Silivri Ceza ve Tevkif Evi’nde okudu.
***
Tam bu sırada Basın Konseyi de Adalet Bakanı’na bir mektup yollamış ve şu soruları sormuştu:
- Gazetecilik faaliyetleri nedeniyle anayasal haklarını kullanırlarken tutuklanarak aylardır cezaevlerinde tutulan gazetecilerin maruz kaldığı kabul edilemez bu durum hakkında ne düşünüyorsunuz?
- Adalet Bakanı olarak mahkemelere müdahale hakkınızın olmadığını kuşkusuz biliyoruz.
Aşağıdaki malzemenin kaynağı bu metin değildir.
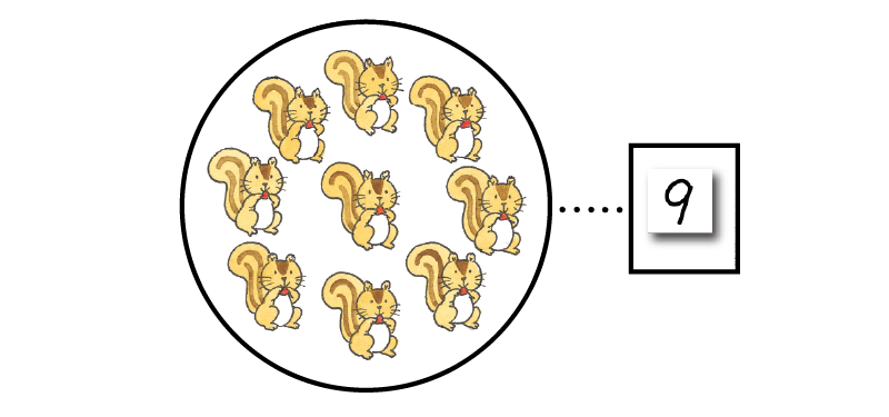 すうじのカードを つかって リスのかずを こたえてみよう。
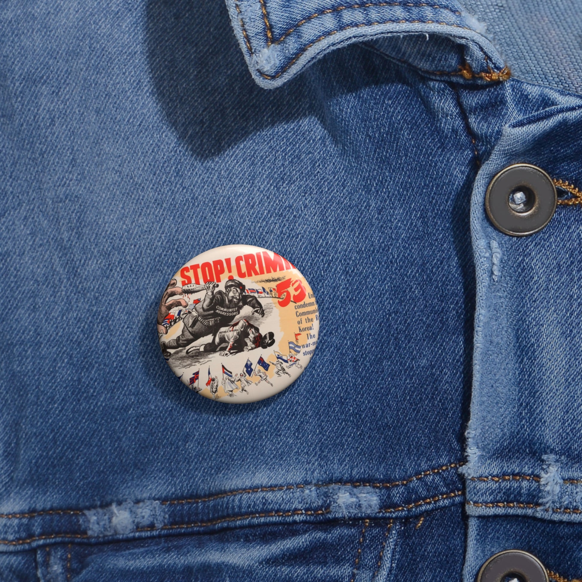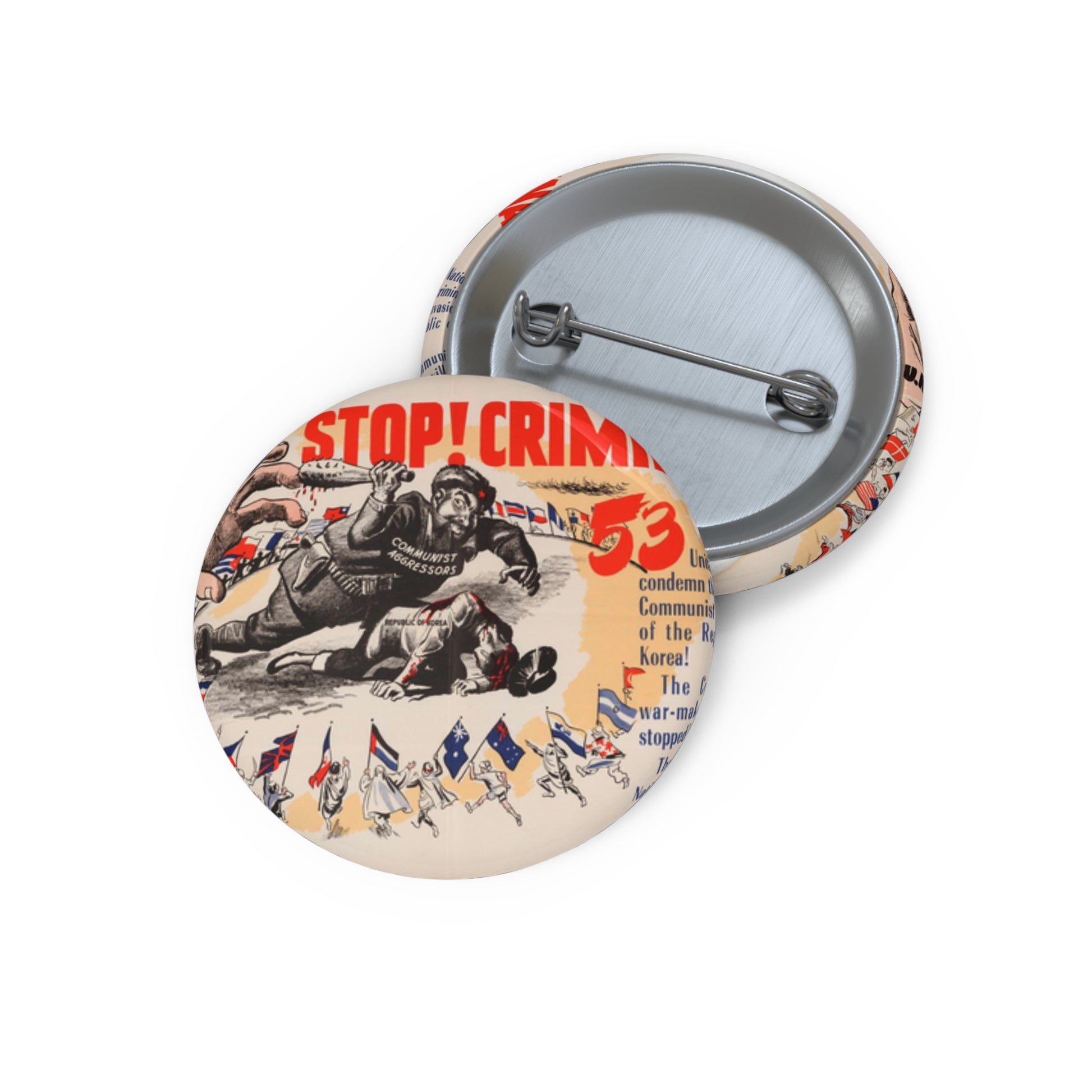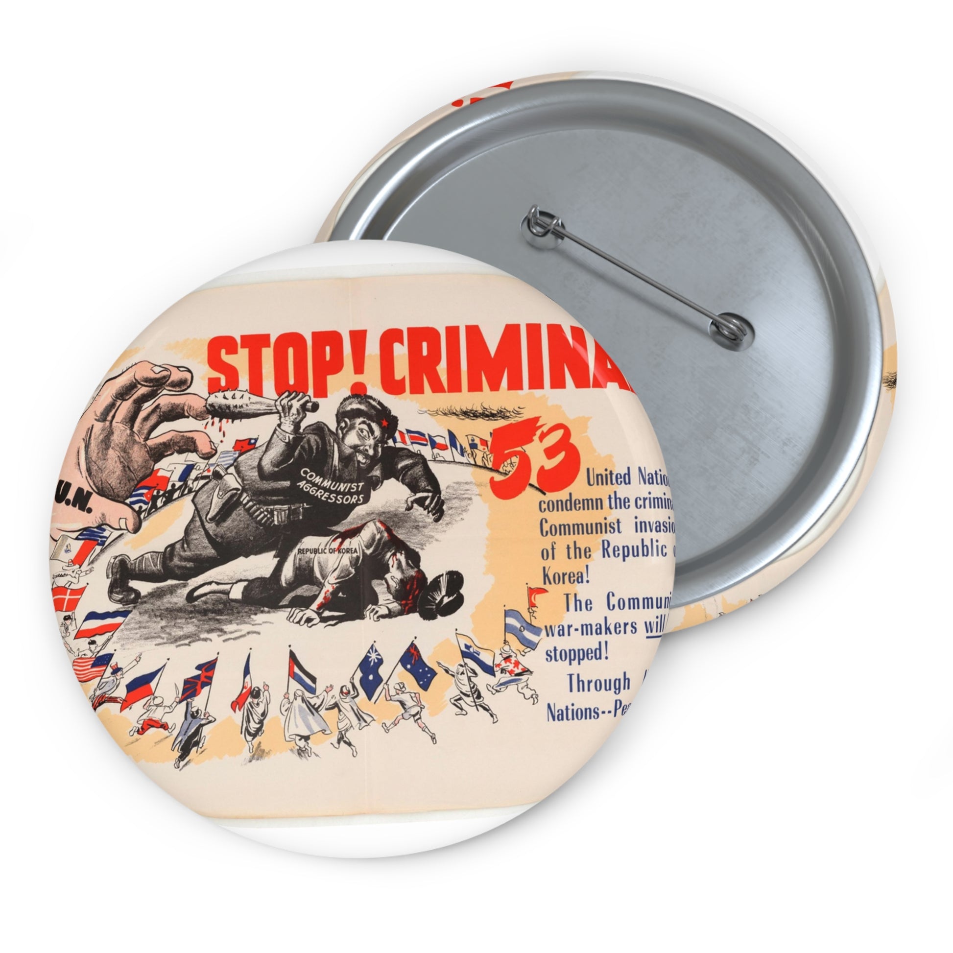 Stop Criminal!, Cold War American Propaganda poster Pin Buttons with Crisp Design

Ancak vicdani açıdan yaşananlara tepkiniz nedir acaba?
- Tutuklu gazetecilerin MESLEK KURULUŞU olarak çok sayıdaki görüşme talebimizin de makamda bekletildiği bilgisi, acaba sizinle paylaşılıyor mu?
***
Ne rastlantıdır ki yine aynı günlerde, ABD Dışişleri Bakanlığı Sözcü Vekili Mark Toner şöyle diyordu:
“... Türkiye’yi ifade özgürlüğü, adil yargılanma güvenceleri, yargı bağımsızlığı ve diğer temel özgürlüklere saygı göstermeye çağırıyor ve bunları sağlamak için teşvik ediyoruz.
Ayrıca, ifade özgürlüğüne sıkı sıkıya güveniyoruz.
Düşünceyi ifade etme medya özgürlüğü de dahil olmak üzere her türlü ifade özgürlüğünü destekliyoruz.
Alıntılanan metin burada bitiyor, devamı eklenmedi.